她转过身,水珠从她手指滴落:“你怕一闭眼,就忘了她的声音。”
吴岩沉默良久,终于开口:“……我梦见祠堂那晚,火很大。她站在门里,对我说‘跑’。我没听。我冲进去想拉她……可门关上了。我砸门,喊她,可火舌卷出来,烧了我的手。”
他缓缓卷起左手袖子,露出腕间一道扭曲的暗红疤痕,像被烙铁烫过三次。
“这是‘血契反噬’。吴家引魂术,需以亲缘之血为契。我那时不懂,用她的生辰八字强行施术,想把她拉出来……结果,咒力反冲,门彻底封死。”
“可她说,是她自己选的。”
“可如果……”吴岩声音微颤,“如果那晚我没有试图施法,门会不会开?如果我不执着于救她,她是不是……就能安然离去?”
赵无眠听得头皮发麻,下意识摸了摸脖子:“所以你娘不是死于血咒,而是死于……你的救?”
没人回答。
只有窗外的风,吹动了晾着的一件青色旧衣——那是苏挽云前两天收进柜子的,和吴母生前穿的那件,一模一样。
几天后,生活似乎回归平静。
赵无眠回了乡下“闭关”,说要翻祖传的《阴符秘录》查“血契逆转”之法,顺便给他那不靠谱的爹烧点真香。

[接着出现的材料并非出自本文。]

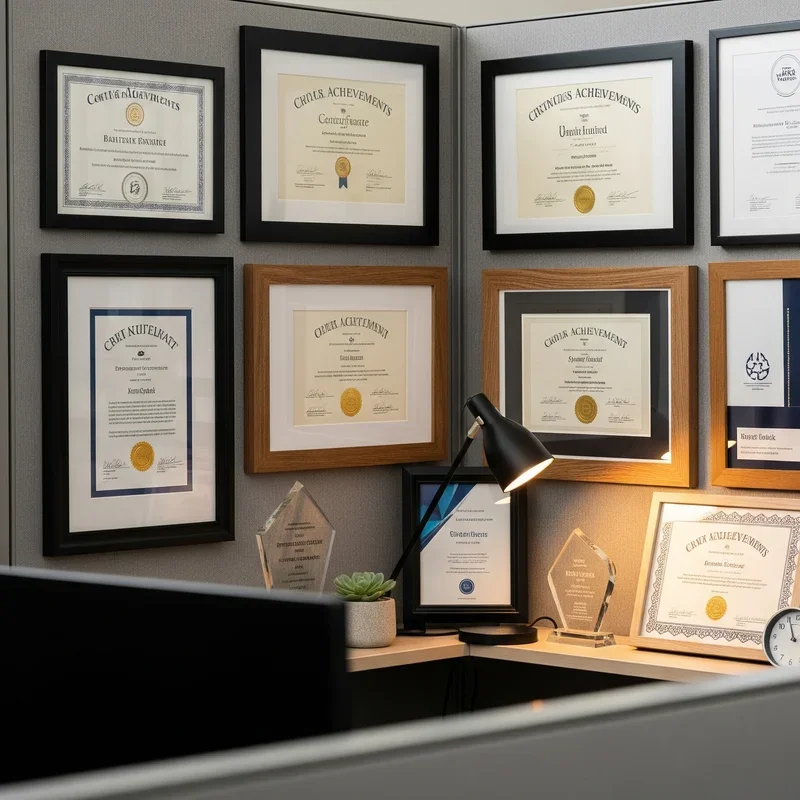 Your accomplishments deserve to be celebrated, not hidden in a drawer somewhere. Create a professional display of your certificates, awards, and achievements that serves as both decoration and motivation. Use matching frames for a cohesive look or mix styles for a more eclectic gallery. Include professional development certificates, team recognition awards, or even personal milestones that inspire you. This display serves as a visual resume and confidence booster during challenging projects. Arrange them thoughtfully rather than cluttering every inch of wall space. Consider including a small shelf for three-dimensional awards or trophies. This achievement wall reminds you of your capabilities and growth while subtly showcasing your expertise to colleagues and supervisors who visit your space.

吴岩照常接单——替人看宅、驱小煞、超度游魂。活儿都不大,却一件没推。
苏挽云则接了个新兼职,在市图书馆整理古籍档案。那栋楼是民国老建筑,红砖拱门,爬满藤蔓,据说曾是教会女子学堂。
“怪安静的。”她第一天上班时对同事说。
“当然安静,”老管理员推了推眼镜,“八十年代,有个女老师在这儿上吊了。从那以后,三楼西翼的档案室,晚上没人敢去。”
苏挽云笑了笑,没接话,只在登记簿上写下自己的名字。
那天傍晚,她整理到一箱未编号的旧教案,泛黄的纸页间,夹着一张黑白照片——一群穿旗袍的女学生站在廊下,中间一位年轻女教师,眉眼温柔,长发垂肩。
她心头一跳。
照片背面,有一行小字,墨迹已淡:“静之吾妻,来世若逢,勿再执灯。”
落款:吴承业。
苏挽云盯着那张照片,手指微微发凉。
“吴承业”三个字像根细针,轻轻扎进她太阳穴。她当然知道这是谁——吴岩他爸,那个在族谱上被墨笔一圈划掉名字的男人。
“静之”……是他妈。
可这照片,怎么会出现在这?民国时期的教案,藏在一所普通中学的废弃档案室?还偏偏被她翻出来?
她正出神,手机“嗡”地一震。
来电显示:赵半仙(别挂)
她叹了口气,接通:“有事说事,别装神弄鬼。”
电话那头传来赵无眠油滑的声音,背景音嘈杂,像是在菜市场:“哎哟苏小姐,救命啊!我在西郊公墓门口被一群大妈围住了,非说我能通阴阳,要我给她们看看祖坟风水!我哪懂这些啊,我那是吹牛!快让吴岩来救我!”
苏挽云翻了个白眼:“你自己惹的祸,找他干嘛?”
“哎,我这不是为你好嘛!”赵无眠压低声音,“我刚从一个老道姑那儿收了批民国丹符残卷,听说跟‘灯引咒’有关——就是那种能让人自愿赴死的阴门术!我正想打听吴岩他妈的事,结果那道姑一听说姓吴,脸都绿了,直接把我轰出来!”
苏挽云心头一紧,攥紧了手机。
灯引咒……执灯……
她低头看向照片背面那句“勿再执灯”。
“你……把东西带回来了吗?”她问。
“带了带了!就在我包里!可我现在出不了这菜市场啊,这些大妈已经开始讨论让我给她们家狗看八字了!”赵无眠哀嚎,“吴岩呢?让他来!他往那一站,阴气一冒,自然就没人敢靠近了!”
苏挽云无奈:“他在家,刚扫完墓回来,说要静一静。”
“静个屁!他娘的照片都被人藏进教案里了,还静?”赵无眠突然脱口而出。
苏挽云猛地抬头:“你……你怎么知道?”
电话那头沉默两秒,赵无眠干笑:“咳……我路过档案室,看你鬼鬼祟祟翻东西,就瞄了一眼……那照片……吴岩看了吗?”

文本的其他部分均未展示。